Error Recovery & Retry Policies¶

SHIPIT Agent handles failures gracefully at every level — LLM provider errors, tool execution failures, and hallucinated tool names all produce recoverable error messages instead of crashing the agent run.

How error recovery works¶

When a tool fails after exhausting retries, the runtime produces an error ToolResult message and sends it back to the LLM. The LLM sees the error and can decide to try a different tool, adjust its approach, or report the issue to the user.

LLM: "Call web_search with query='latest news'"
         │
         ▼
    web_search raises ConnectionError
         │
    retry 1 → still fails
         │
         ▼
    Runtime creates error message:
    "Error running tool 'web_search': connection refused"
         │
         ▼
    LLM sees error, decides to try open_url instead
         │
         ▼
    Agent continues running

This is the same pattern used for hallucinated tool names — every tool call gets a paired result message, whether success or error, keeping the conversation balanced for all providers (especially Bedrock).

Retry policy¶

from shipit_agent import Agent, RetryPolicy

agent = Agent(
    llm=llm,
    retry_policy=RetryPolicy(
        max_llm_retries=2,           # retry LLM calls up to 2 times
        max_tool_retries=1,          # retry tool calls up to 1 time
        retry_on_exceptions=(        # only retry these exception types
            ConnectionError,
            TimeoutError,
            OSError,
        ),
    ),
)

Default exceptions¶

The default retry_on_exceptions is (ConnectionError, TimeoutError, OSError) — network and I/O errors that are typically transient.
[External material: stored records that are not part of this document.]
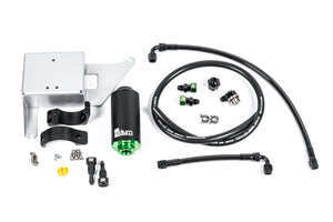 For plumbing, 6AN PTFE hoses and 6AN fittings are provided to adapt to the OEM feed line and fuel rail. Furthermore, a replacement EVAP line is included to simplify installation. The kit can also be purchased as the mount only if you wish to purchase a filter separately and run custom plumbing.
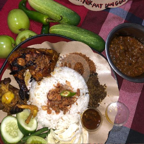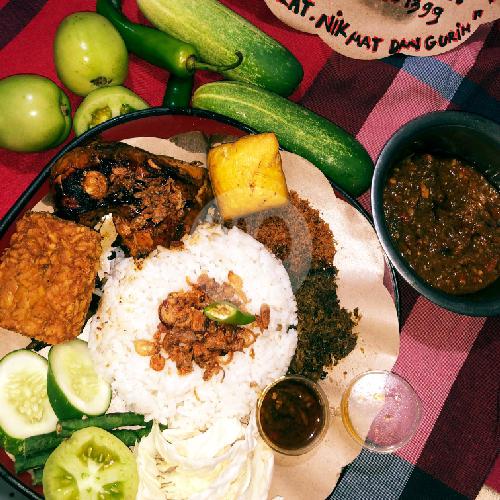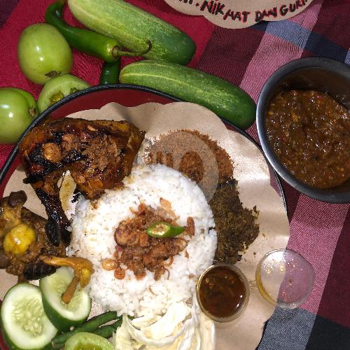 NASI PUTIH + AYAM PENYET BAKAR REMPAH + ATI AMPELA GORENG + SERUNDENG KELAPA + LALAPAN + KERUPUK + SAMBAL IJO BUMBU REMPAH SUPER LEZAT MBOK DARMI
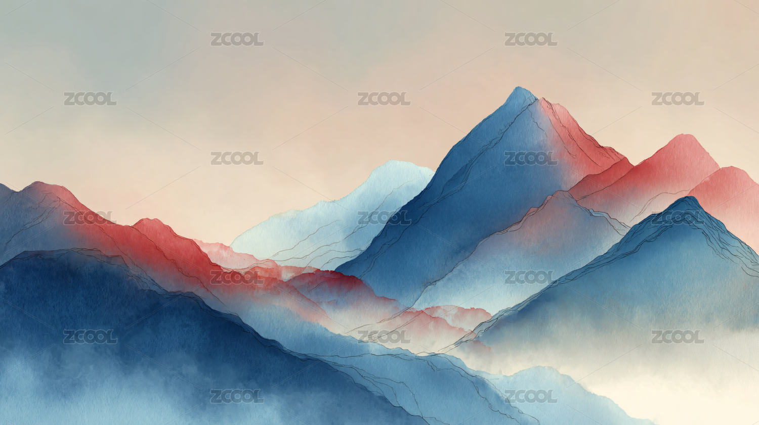 山水,意境,青绿,长卷,国画,云雾,山峦,国风,艺术,自然
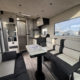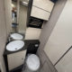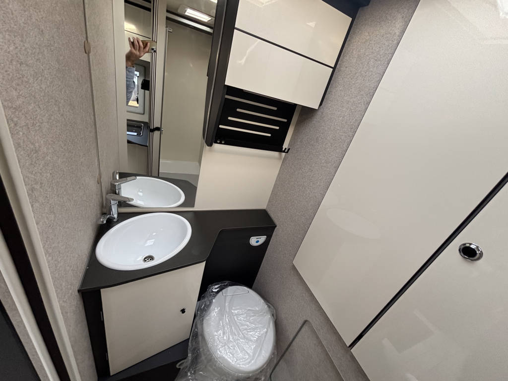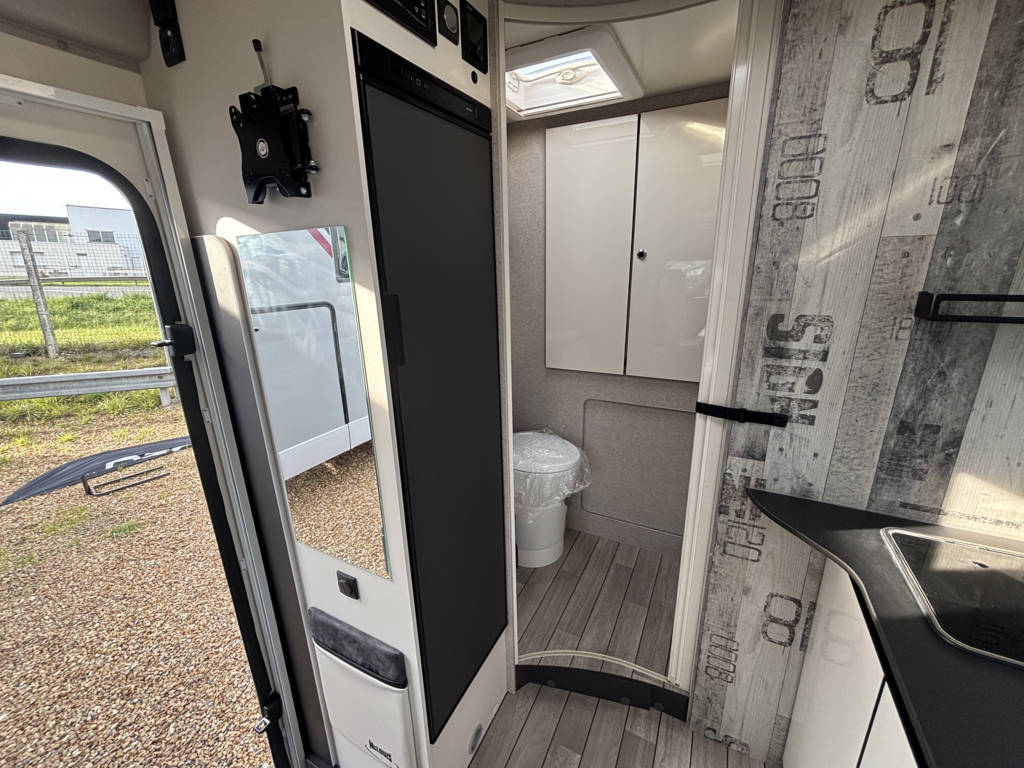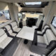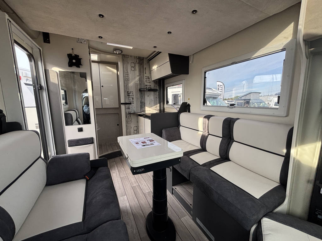 Cuisine en L, Douche indépendante, Lit dînette avant, lit pavillon, Maxi salon, Salon avant banquettes face à face, Salon avant sièges pivotants, Soute, WC Cassette.
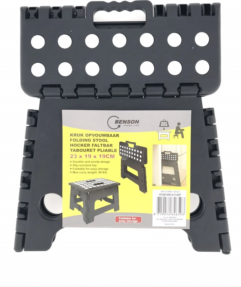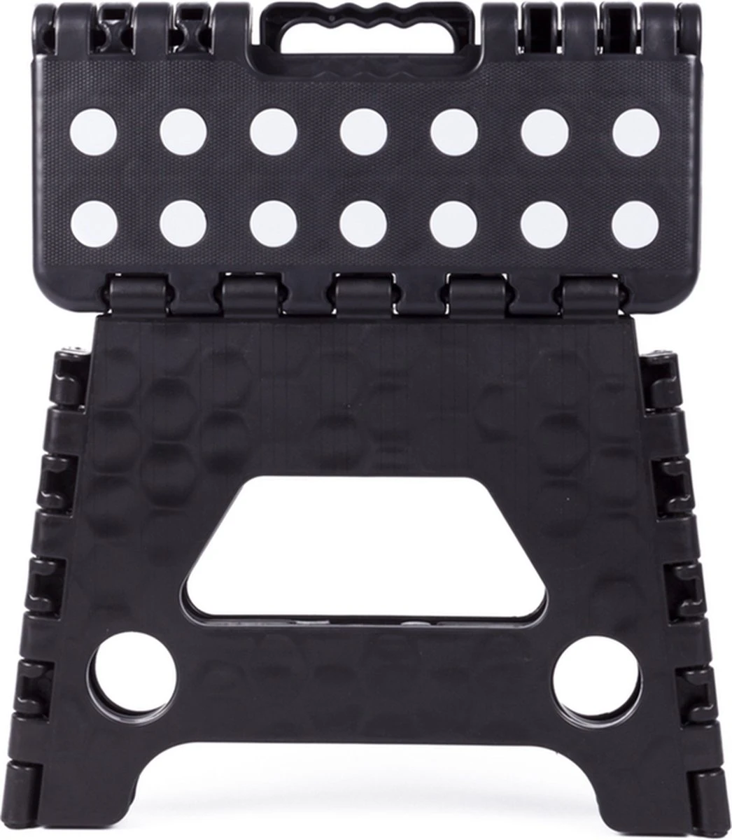 Opvouwbare Kruk Klein Zwart/Wit Deze opvouwbare kruk is zeer geschikt om te gebruiken als opstap voor bijvoorbeeld in de keuken. De kruk is zwart met witte stippen en volledig opvouwbaar waardoor je deze makkelijk kunt opbergen. De uitgevouwen afmetingen van de kruk zijn: 23x19x19 cm. Kenmerken:
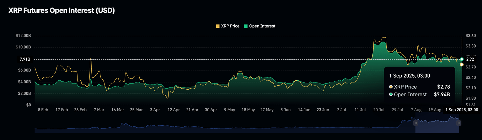 El interés minorista en el token de remesas internacionales se mantiene relativamente elevado cerca de la marca de 8 mil millones de dólares. Los comerciantes estarán observando el Interés Abierto (OI), que representa el valor nocional de los contratos de futuros pendientes, para evaluar el sentimiento y el optimismo del mercado.
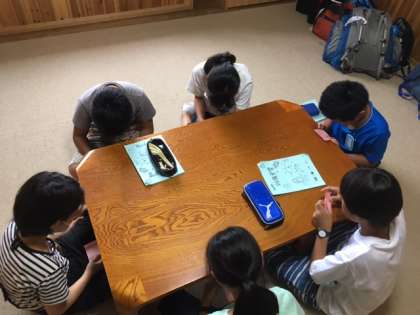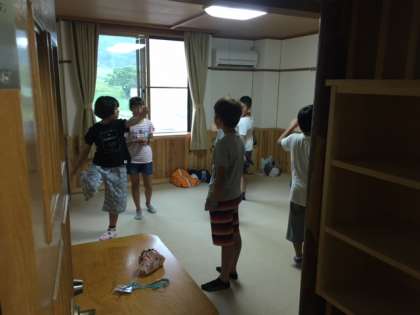 夜のキャンプファイヤーの出し物に向けて、各班が協力しながら練習をしています。最初は意見が分かれていた班も、一つの出し物が出来ていく過程を通して、どんどんと絆が深まっていく様子が見られます。(左の班はダンスを、右の班は怖い話を練習しています。)
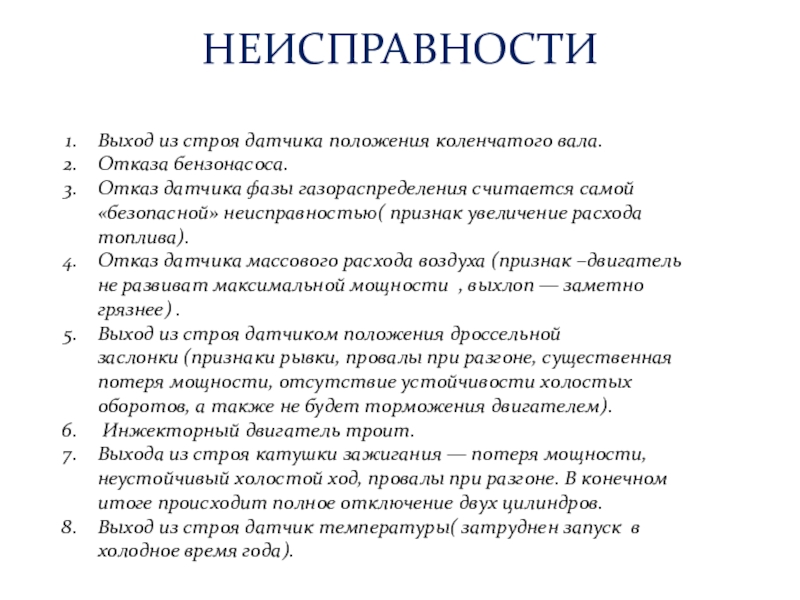 Выход из строя датчиком положения дроссельной заслонки (признаки рывки, провалы при разгоне, существенная потеря мощности, отсутствие устойчивости холостых оборотов, а также не будет торможения двигателем).
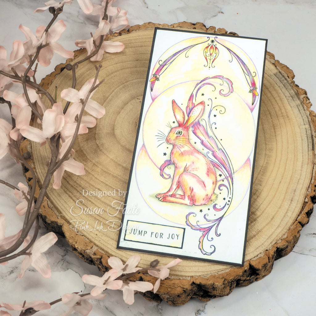 This clear photopolymer stamp set, Heavenly Hare is part of the Fauna Series from Pink Ink Designs. This stamp set features ten beautiful stamps. These stamps come ready to mount on an acrylic block. Simply adhere to an acrylic block and use with your favourite inks, markers, embossing powders, and other crafting mediums. These stamps can be used on cards, scrapbook pages, and other paper crafting projects. They are suitable for paper, fabric, or any other surface depending on the ink choice.
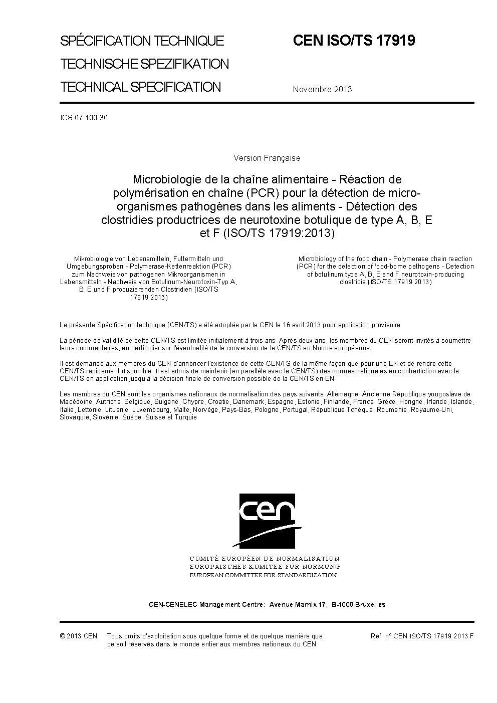 Microbiology of the food chain - Polymerase chain reaction (PCR) for the detection of food-borne pathogens - Detection of botulinum type A, B, E and F neurotoxin-producing clostridia (ISO/TS 17919:2013)
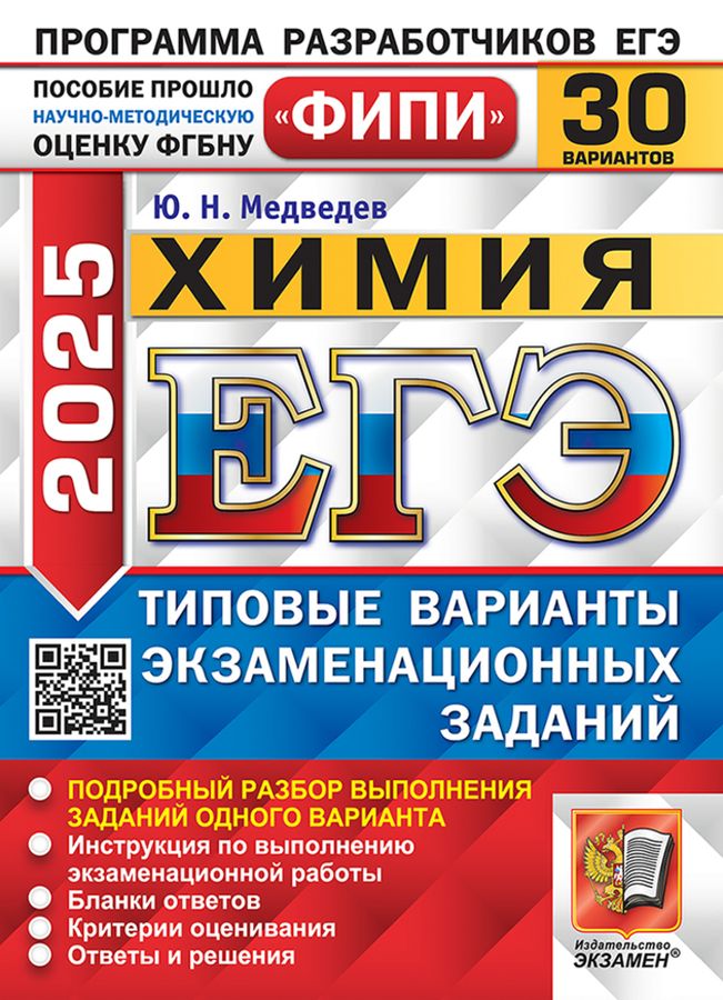 Пособие прошло научно-методическую оценку ФГБНУ "ФИПИ". Пособие содержит 30 типовых вариантов экзаменационных заданий Единого государственного экзамена по химии. Назначение пособий - предоставить возможность обучающимся отработать навыки выполнения заданий, аналогичных заданий, представленных в демонстрационной версии ЕГЭ по химии. Пособие адресовано учителям для подготовки учащихся к Единому государственному экзамену, а обучающимся-старшеклассникам - для самоподготовки и самоконтроля. Приказом №699 Министерства образования и науки Российской Федерации учебные пособия издательства "Экзамен" допущены к использованию в общеобразовательных организациях.
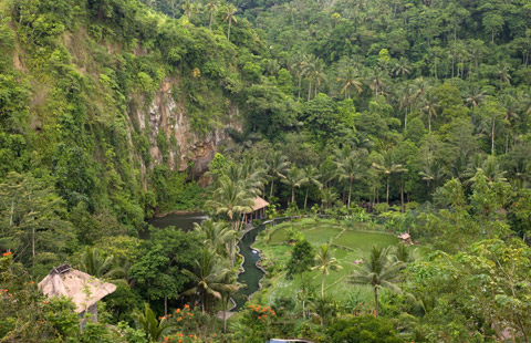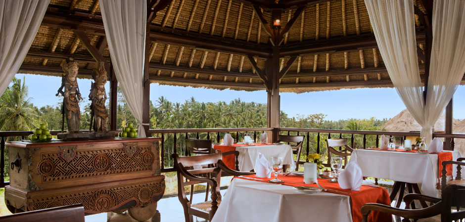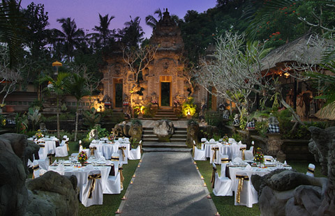 Położenie: Usytuowany jest w cichej i zielonej okolicy miasteczka Ubud, które oddalone jest od hotelu zaledwie 10 min drogi autem. Do Międzynarodowego lotniska Denpasar Ngurah Rai można dojechać w godzinę. Hotel położony jest nad rzeką Petanu, otoczony jest lasem tropikalnym oraz tarasami ryżowymi.
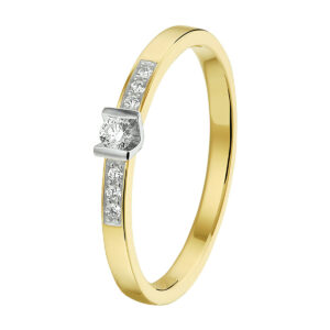 14k Bicolor geel- en witgouden ring uitgevoerd met een diamant rij. De ring heeft een breedte van 2.5mm en de solitair diamant heeft een diamantgewicht van 0.05ct.
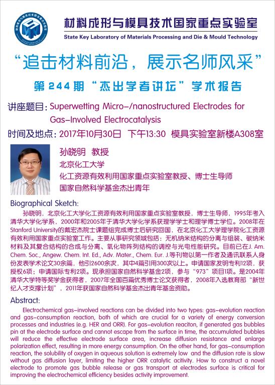 【2017年10月30日】第244期“杰出学者讲坛”学术报告
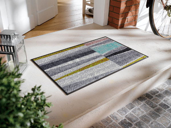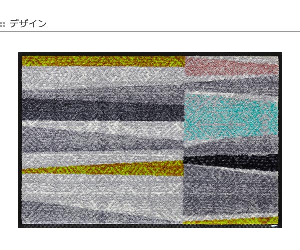 落ち着いたカラーの幾何学模様グレーを基調にアクセントでカラーを取り入れたおしゃれなデザイン。差し色があることでお部屋全体が暗くなりすぎないようになっています。北欧テイストにもぴったりな1枚です。 おすすめポイント 裏面ラバー仕様のインテリアマットで最強の滑り止め効果日本では裏面ラバー仕様のインテリアマットは非常に珍しいですが、土足の文化である欧米では非常に一般的です。どんな床にも強力にフィットするので、マットがめくれたり、ずれたりすることがなく、小さなお子様やご高齢の方がいるご家庭でも安心です。屋外、玄関先、ベランダ出入り口等でも使用いただけます。 ※裏面ラバーは特殊合成ゴムで、耐久性の高いゴムです。 床面を綺麗に保ちますマット表面に大量の水や油をこぼしても完全にマットがキャッチしますので、床面を汚してしまうことがありません。 ![]() 家庭用洗濯機で水洗いが可能 ご家庭の洗濯機でマットを洗う事に抵抗のあるお客様には、デッキブラシでのこすり洗いやシャワーでの水洗いをオススメします。 ※付属の取扱い説明書をよくお読みください。 屋内屋外でも使える便利なマット玄関やリビング、キッチンは勿論バルコニーなどの屋外でも利用でき、インテリアのアクセントとしてご家庭内をより豊かで彩り溢れた空間に演出してくれます。
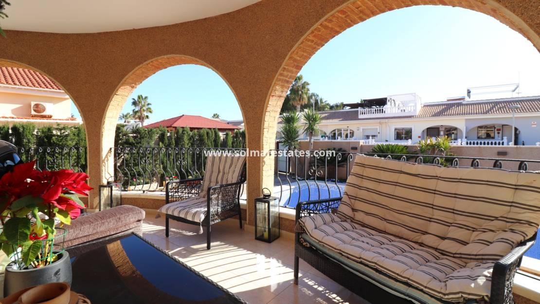 Denna fristående villa med tre sovrum i söderläge i Monte Azul, ligger i ett lugnt bostadsområde med en bar och restaurang i närheten. Bara fem minuters bilresa till både Benijofar och Quesada, där du hittar alla viktiga bekvämligheter, inklusive stormarknader, butiker, en mängd barer och restauranger. Golfbanan La Marquesa ligger bara 10 minuter bort, medan de vackra stränderna på Costa Blanca kan nås på bara 15 minuter. Belägen på en generös 400m2 tomt, är denna 120m2 villa belägen på ett plan och erbjuder en rymlig böjd och välvd ingångsterrass, perfekt för att koppla av eller äta utomhus med utsikt över poolen. Det ljusa och luftiga vardagsrummet/matsalen har en öppen spis med vedbrännare och en luftkonditionering för komfort året runt. Köket i öppen planlösning är välutrustat och bekvämt anslutet till vardagsrummet. Villan har tre dubbelrum, alla med inbyggda garderober, plus ett familjeduschrum och ett eget badrum till huvudsovrummet. Utvändigt är trädgården designad för lågt underhåll, huvudsakligen kaklad med en stenyta, planterade bårder, buskar och mogna palmer. Det finns en 8 x 4 privat pool, perfekt för att svalka dig i den varma spanska solen, samt terrängparkering med en carport. Ett fantastiskt familjehem med ett fantastiskt läge, som erbjuder komfort, bekvämlighet och uteliv på Costa Blanca South!
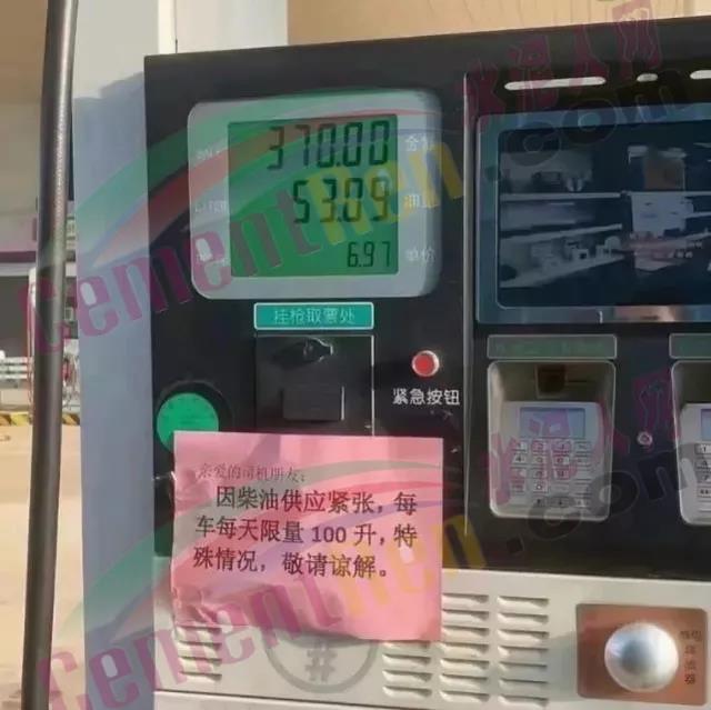 從圖片中可以看出,在加油站油箱上,醒目的貼上“因柴油價(jià)格供應(yīng)緊張,每車每天限量100升,特殊情況,敬請(qǐng)諒解”。

This is intentionally narrow:

Exception type	Retried by default	Why
`ConnectionError`	Yes	Network hiccup, retry likely succeeds
`TimeoutError`	Yes	Server slow, retry may succeed
`OSError`	Yes	I/O issue, often transient
`RuntimeError`	No	Usually a bug, retrying won't help
`ValueError`	No	Bad data, same input = same error
`TypeError`	No	Code bug, fix the code
`KeyError`	No	Missing data, not transient

To retry on additional exceptions:

RetryPolicy(
    retry_on_exceptions=(ConnectionError, TimeoutError, OSError, RuntimeError),
)

Events emitted during failures¶

Event	When	Key payload
`tool_retry`	Tool failed, retrying	`attempt`, `error`, `iteration`
`tool_failed`	Tool failed permanently (or hallucinated name)	`error`, `iteration`
`llm_retry`	LLM call failed, retrying	`attempt`, `error`

Before vs. after (the old behavior)¶

Scenario	Before (v1.0.0)	After (v1.0.2)
Tool raises after retries	Agent crashes, caller gets exception	Error message sent to LLM, agent continues
Hallucinated tool name	Error message sent to LLM	Error message sent to LLM (unchanged)
LLM provider error	Retried, then crashes	Retried, then crashes (unchanged)

Breaking change from 1.0.0

If you were catching tool exceptions from agent.run(), note that tool failures no longer propagate as exceptions. The agent will continue running and include the error in its response. Check result.events for tool_failed events if you need to detect failures programmatically.